***** Given records

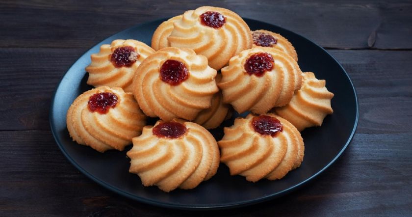 Выстелите на противень пергаментную бумагу. Выдавите на нее из кондитерского мешка тесто, образуя легкие зигзаги, и ложкой выложите в центр каждого печенья немного повидла. Выпекайте десерт в духовке в течение 20 минут при температуре 200 градусов.
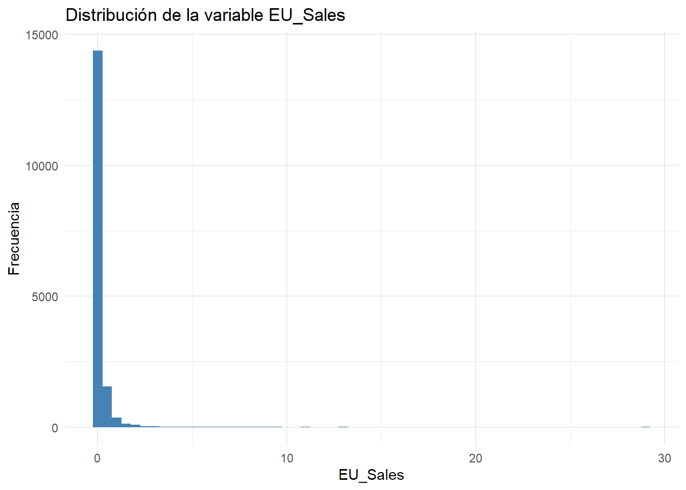 “ggplot(df) + geom_histogram(binwidth = 0.1, aes(x = ), fill = ‘steelblue’) + xlab(”“) + ylab(”Frecuencia”) + ggtitle(“Distribución de la variable x”) + theme_minimal()”
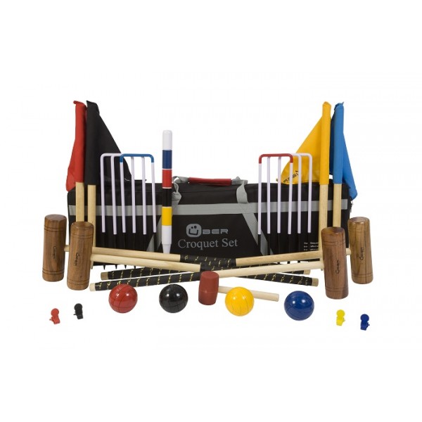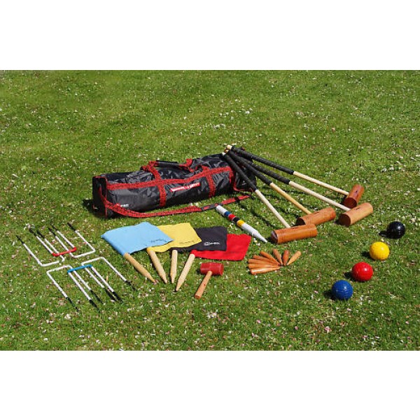 Das Garten Krocket Set von Übergames ist ein Krocket-Spiel für Einsteiger von qualitativ hoher Verarbeitung. Das Spiel ist optimal auch für Erwachsene geeignet. Zwei unterschiedliche Schlägerlängen zeichnen das Set aus. Die vier Schläger aus Hartholz sind mit Lederbändern umwickelt. Auch die traditionell hölzernen Krocketbälle zeichen sich durch hohe Qualität aus.
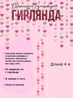Набор объемных бумажных гирлянд - сердечки 2 шт
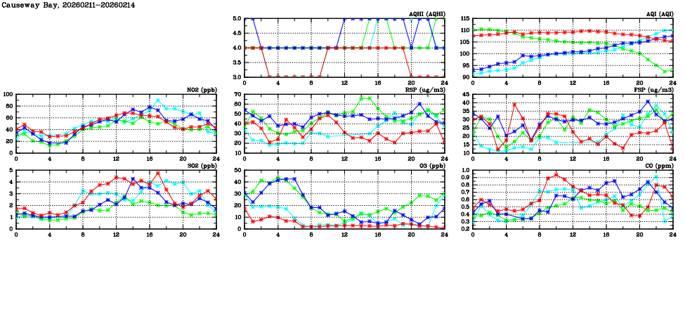 | Air Quality Data Time Series in Causeway Bay (2026/02/14) | ( Line colors: Day -3 Day -2 Day -1 Current day ) | 2D Map Current AQHI |
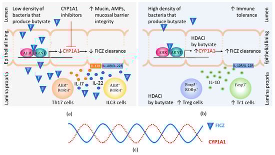 The steady-state levels of 6-formylindolo[3,2-b]carbazole (FICZ) influences gut immunity. The amount of FICZ (illustrated by an F in a blue triangle) that reaches the lamina propria depends on the CYP1A1 activity in the epithelial lining, which is modified by the presence of CYP1A1 inhibitors. Butyrate can by virtue of its histone deacetylase inhibitory function (HDACi) contribute to increased numbers of Foxp3 positive and negative regulatory T cells (Treg and Tr1 cells) as well as increased CYP1A1 expression in intestinal epithelial cells. (a) At low levels of butyrate, heightened immunity is promoted by CYP1A1 inhibitors that cause FICZ to reach lamina propria and stimulate IL-22 and IL-17 expression in Th17 and ILC3 cells. Binding of IL-17 and IL-22 to their receptors on epithelial cells stimulate increased production of mucins and antimicrobial peptides (AMPs); (b) At high levels of butyrate, high CYP1A1 activity promotes the clearance of FICZ. Immunity is suppressed and Treg and Tr1 cells produce IL-10 that helps maintain tolerance to commensal bacteria by binding to receptors on epithelial cells; (c) Daily 24 h cycles in the CYP1A1 activity and the levels of FICZ.
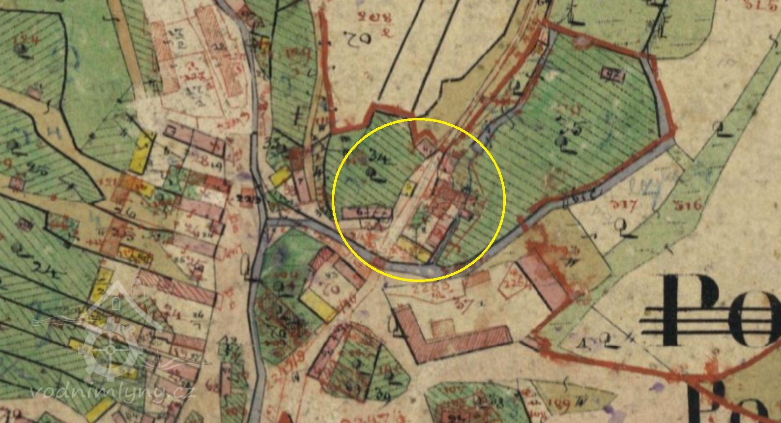Mlýnský stav stával u Podhradí, odtud šla voda strouhou k náhonu do míst domů č. 103 a č. 35.
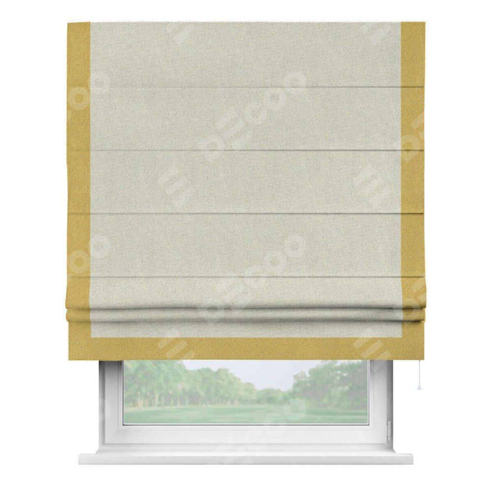 Римская штора с отделкой кантом «Виктория», пошита из ткани твид блэкаут шампань, артикул: 90929. представляет собой элегантное решение для оконного оформления. Кант по бокам и снизу шторы добавляет изысканности и аккуратности внешнему виду, подчеркивая линии и форму шторы. Этот элемент декора не только украшает, но и выполняет практическую функцию, защищая края ткани от износа. Кант может быть выполнен в контрастном или гармонирующем цвете, что позволяет добиться различных стилевых эффектов и легко вписать штору в интерьер комнаты.
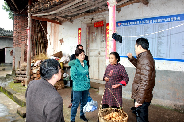 2015年12月12日,巴中市人大常委会副主任、农工党巴中市委会主委经伟宪带队赴舞凤乡宝石村,深入每户贫困户家中开展精准扶贫工作。市委会副主委王经泉参加了帮扶活动。
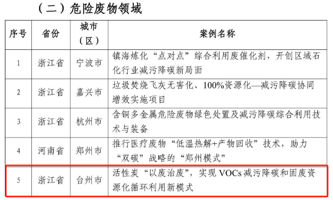 2024年10月,由台州市环境科学设计研究院有限公司负责的《活性炭“以废治废”,实现VOCs减污降碳和固废资源化循环利用新模式》成功入选巴塞尔公约亚太区域中心(以下简称“亚太中心”)2023年“无废城市”减污降碳协同增效典型案例首批推荐名单,全国上榜案例共36个。
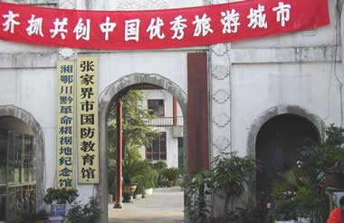 歡迎各位來賓到湘鄂川黔革命根據(jù)地紀(jì)念館參觀。這里原系民國7年(公元1918年)芬蘭牧士建的天主 堂,3棟共15間木結(jié)構(gòu)平房,四周有磚墻環(huán)護(hù)。1934年11月24日,中國工農(nóng)紅軍二、六軍團(tuán)在任弼時(shí)、賀龍、肖克、王震等領(lǐng)導(dǎo)下,一舉解放大庸縣城,于26日成立臨時(shí)省委,12月1日在天主堂內(nèi)成立湘鄂川黔省革命委員會(huì),領(lǐng)導(dǎo)湘鄂川黔革命根據(jù)地31個(gè)縣的反圍剿斗爭(zhēng),沉重地打擊了國民黨反動(dòng)派和地方封建勢(shì)力,為中華民族的解放事業(yè)作出了卓越貢獻(xiàn),在中國人民革命斗爭(zhēng)史上寫下了光輝燦爛的一頁。為緬懷先烈功績(jī),弘揚(yáng)革命精神,中共張家界市永定區(qū)委和區(qū)政府于91年夏發(fā)動(dòng)募捐修復(fù)湘鄂川黔省委、省軍區(qū)、省革命委員會(huì)舊址,并新建紀(jì)念館,于1993年12月26日落成開館。 紀(jì)念館占地面積2800平方米,其中建筑面積1600平方米。東頭是三堵矮墻圍著的一棟木平房,三間小屋曾住過任弼時(shí)、賀龍、肖克,黑漆桌上的桐油燈作證,一代英杰曾在這里徹夜運(yùn)籌。西頭是可容納200余人的省委禮堂,當(dāng)時(shí)省委擴(kuò)大會(huì)和省直各部門的會(huì)議均在此召開,現(xiàn)已辟為將軍館,166位在湘鄂川黔革命根據(jù)地留下英雄足跡的新中國將帥的照片掛滿墻壁。紀(jì)念館大門左右,一字排開11間辦公室,當(dāng)年3大機(jī)關(guān)13個(gè)直屬部門均在此辦公。庭院正中是根據(jù)我國著名雕塑家潘鶴的作品《艱苦歲月》鑿制而成的一尊雙人石像,小紅軍抱著高過頭頂?shù)牟綐專蕾嗽跈M吹短笛的老紅軍膝頭,似在入神地傾聽。雕像后面是紀(jì)念館主樓,內(nèi)設(shè)三個(gè)展室,陳列著223幅大型圖片和100多件革命文物,再現(xiàn)了根據(jù)地的光輝斗爭(zhēng)史,反映了根據(jù)地軍民艱苦卓絕的革命歷程和高尚情操。肖克將軍為紀(jì)念館題寫了館名。 第一部分 湘鄂川黔邊根據(jù)地的初創(chuàng) 193年11月,由于王明“左”傾路線錯(cuò)誤和敵人的大舉進(jìn)攻,湘鄂西革命根據(jù)地全部喪失,紅三軍在湘鄂西中央分局夏曦、賀龍、關(guān)向應(yīng)的領(lǐng)導(dǎo)下不得不轉(zhuǎn)戰(zhàn)鄂川邊。 12月19日,湘鄂西中央分局聽湖北咸豐大村召開會(huì)議,決定“創(chuàng)建湘鄂川黔邊新蘇區(qū)”。此后,紅三軍在湘鄂川黔邊轉(zhuǎn)戰(zhàn),尋找立足點(diǎn)。 1934年5月,紅三軍西渡烏江,進(jìn)入貴州。6月19日,湘鄂西中央分局在貴州沿河楓香溪召開會(huì)議,決定在黔東創(chuàng)建根據(jù)地。7月21日黔東特區(qū)革命委員會(huì)成立。黔東根據(jù)地的建立,為紅二、六軍團(tuán)會(huì)師和湘鄂川黔根據(jù)地的形成創(chuàng)造了條件。 第二部分 湘鄂川黔邊根據(jù)地的全面形成 1934年10月,紅六軍團(tuán)經(jīng)過艱苦轉(zhuǎn)戰(zhàn),進(jìn)入黔東,24日,與紅三軍在印江木黃勝利會(huì)師。會(huì)師后紅三軍恢復(fù)紅二軍團(tuán)番號(hào),兩軍團(tuán)聯(lián)合行動(dòng),由賀龍、任弼時(shí)、關(guān)向應(yīng)統(tǒng)一指揮。紅二、六軍團(tuán)會(huì)師后,為了策應(yīng)中央紅軍長(zhǎng)征與建立湘鄂川黔邊根據(jù)地,決定發(fā)動(dòng)湘西攻勢(shì)。 1934年10月28日,紅二、六軍團(tuán)從四川南腰出發(fā),向湘西挺進(jìn)。11月7日,攻克永順縣城,湘敵何鍵急令湘西軍閥陳渠珍派兵堵剿,陳糾集三個(gè)旅,約一萬人的兵力向永順撲來。紅軍決定采取誘敵深入、聚而殲之的作戰(zhàn)方針,主動(dòng)放棄永順縣城,退至城北90里的十萬坪地區(qū)設(shè)伏。16日黃昏,尾追之?dāng)尺M(jìn)入伏擊圈,我軍奮起痛擊,殲、俘敵3000余人。我軍乘勝追擊,24日占領(lǐng)大庸、桑植。12月7日,進(jìn)擊沅陵,17日包圍常德,攻下桃源。 由于湘西攻勢(shì)的勝利,促進(jìn)了新區(qū)工作的發(fā)展,紅二、六軍團(tuán)控制了永順、大庸、桑植的大部和龍山、保靖、桃源、慈利、常德等縣的一部,并占有大庸、桑植、永順等縣城,開辟了湘鄂川黔邊根據(jù)地。 第三部分 根據(jù)地省委的成立并領(lǐng)導(dǎo)人民開展革命斗爭(zhēng) 1934年11月26日,奉中共中央電示,在大庸成立了中共湘鄂川黔省委,任弼時(shí)為省委書記,賀龍、關(guān)向應(yīng)、夏曦、王震、肖克及張子意、劉士杰(后叛變)、周玉珠為省委委員,同時(shí)成立省軍區(qū),賀龍為軍區(qū)司令員,任弼時(shí)為政委。還成立了省革命委員會(huì),賀龍為主席,夏曦、朱長(zhǎng)清為副主席。至此,以大庸為中心的湘鄂川黔革命根據(jù)地正式形成。 蘇區(qū)省委成立之后,即著手領(lǐng)導(dǎo)開展建黨建政、土地革命和擴(kuò)紅等項(xiàng)工作,同時(shí)還進(jìn)行了必要的經(jīng)濟(jì)、文化教育、衛(wèi)生等方面的建設(shè),并取得了一定的成果,推動(dòng)了根據(jù)地的鞏固和發(fā)展。 第四部分 反圍剿的激烈戰(zhàn)斗 湘鄂川黔根據(jù)地的建立和發(fā)展,特別是紅軍的主動(dòng)出擊,給國民黨政府造成了新的威脅,蔣介石驚恐萬分,下令調(diào)集湘鄂兩省的軍隊(duì),集中了11個(gè)師又4個(gè)旅,共40多個(gè)團(tuán),約11萬人的兵力,編成6個(gè)縱隊(duì),在地方保安團(tuán)的配合下,對(duì)根據(jù)地發(fā)動(dòng)“圍剿”。 針對(duì)敵人的瘋狂

**********

* Task goal:
No pictures should appear in the copy, which holds exactly the lines from the first line of the data through the line with "Current AQHI |" and nothing else.

* Written solution:
 Выстелите на противень пергаментную бумагу. Выдавите на нее из кондитерского мешка тесто, образуя легкие зигзаги, и ложкой выложите в центр каждого печенья немного повидла. Выпекайте десерт в духовке в течение 20 минут при температуре 200 градусов.
 “ggplot(df) + geom_histogram(binwidth = 0.1, aes(x = ), fill = ‘steelblue’) + xlab(”“) + ylab(”Frecuencia”) + ggtitle(“Distribución de la variable x”) + theme_minimal()”
 Das Garten Krocket Set von Übergames ist ein Krocket-Spiel für Einsteiger von qualitativ hoher Verarbeitung. Das Spiel ist optimal auch für Erwachsene geeignet. Zwei unterschiedliche Schlägerlängen zeichnen das Set aus. Die vier Schläger aus Hartholz sind mit Lederbändern umwickelt. Auch die traditionell hölzernen Krocketbälle zeichen sich durch hohe Qualität aus.
Набор объемных бумажных гирлянд - сердечки 2 шт
 | Air Quality Data Time Series in Causeway Bay (2026/02/14) | ( Line colors: Day -3 Day -2 Day -1 Current day ) | 2D Map Current AQHI |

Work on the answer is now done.